México, es el primer país del Continente Americano y uno de los diez países en el mundo con más ciudades y sitios inscritos en la lista del Patrimonio Natural y Cultural de la Humanidad, lo que nos permite entender con mayor claridad, la monumental riqueza patrimonial que en el terreno de la natura y de la cultura, México, como país posee. Orgullosamente el Estado de Guanajuato, tiene dos sitios inscritos en la lista del Patrimonio Mundial: San Miguel de Allende y el Santuario Nazareno de Atotonilco; y Guanajuato Capital. Digo ORGULLOSAMENTE, porque así es como deberíamos de presentar estos sitios a los visitantes nacionales y extranjeros. Mostrar con orgullo y dignidad toda la riqueza y autenticidad de nuestros pueblos. Desgraciadamente y para el caso que nos ocupa, las supuestas autoridades de Guanajuato Capital se han empeñado en deformar la monumentalidad de nuestro patrimonio y con maquillajes totalmente carnavalescos, han deformado la riqueza patrimonial y las consideraciones por las cuales la UNESCO decide 

inscribir en la lista del Patrimonio Mundial a la ciudad de Guanajuato y como resultado de lo anterior, están deformando también, la vivencia y la experiencia de los visitantes. 

Algunos se habrán preguntado: ¿Ante la desmedida ambición del Presimiente Municipal y el empecinamiento de meter dentro del polígono considerado por la UNESCO ese aberrante mercado con momias, se puede perder el reconocimiento como Patrimonio Cultural de la Humanidad? 

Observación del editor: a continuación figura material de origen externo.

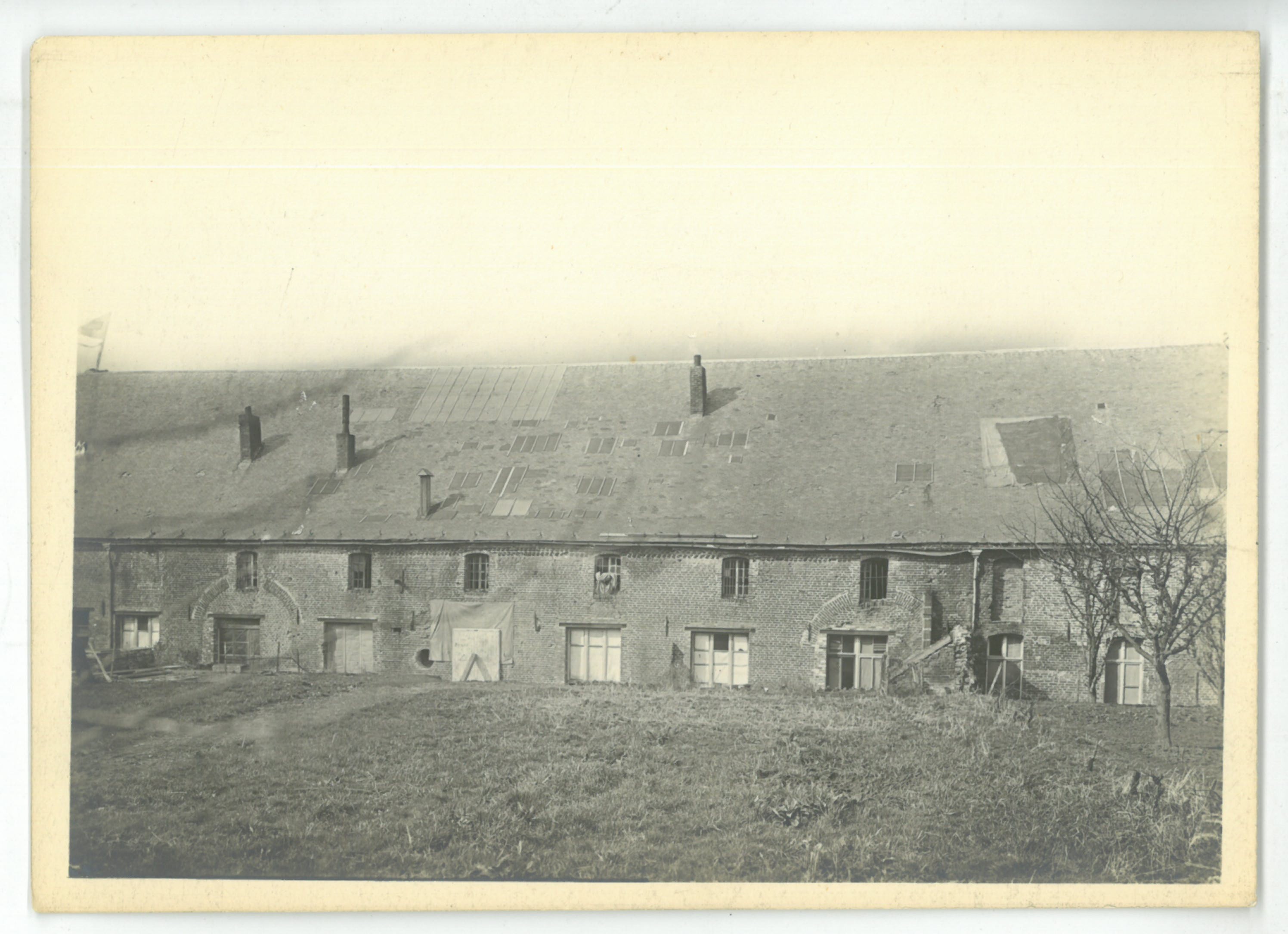 Le refuge des vieillards façade sur cour actuellement parking crèche et garage Ribeiro endommagé lors de la libération 1918.

Por supuesto que sí, el municipio no cuenta con los permisos ni autorizaciones del INAH, ICOMOS ni UNESCO, y si la UNESCO es quien, a partir de la propuesta de ICOMOS inscribe tal o cual sitio en la lista del patrimonio mundial; al contravenir el cabildo guanajuatense las disposiciones de las instancias responsables, por supuesto que Guanajuato Capital puede perder en lo automático el reconocimiento respectivo. 

Detengamos estos caprichos, exijamos al Presimiente que hable con la verdad, defendamos nuestros bienes patrimoniales y digamos NO a tanta aberración. 

*Doctor en Pensamiento Español e Iberoamericano Universidad Autónoma de Madrid, España.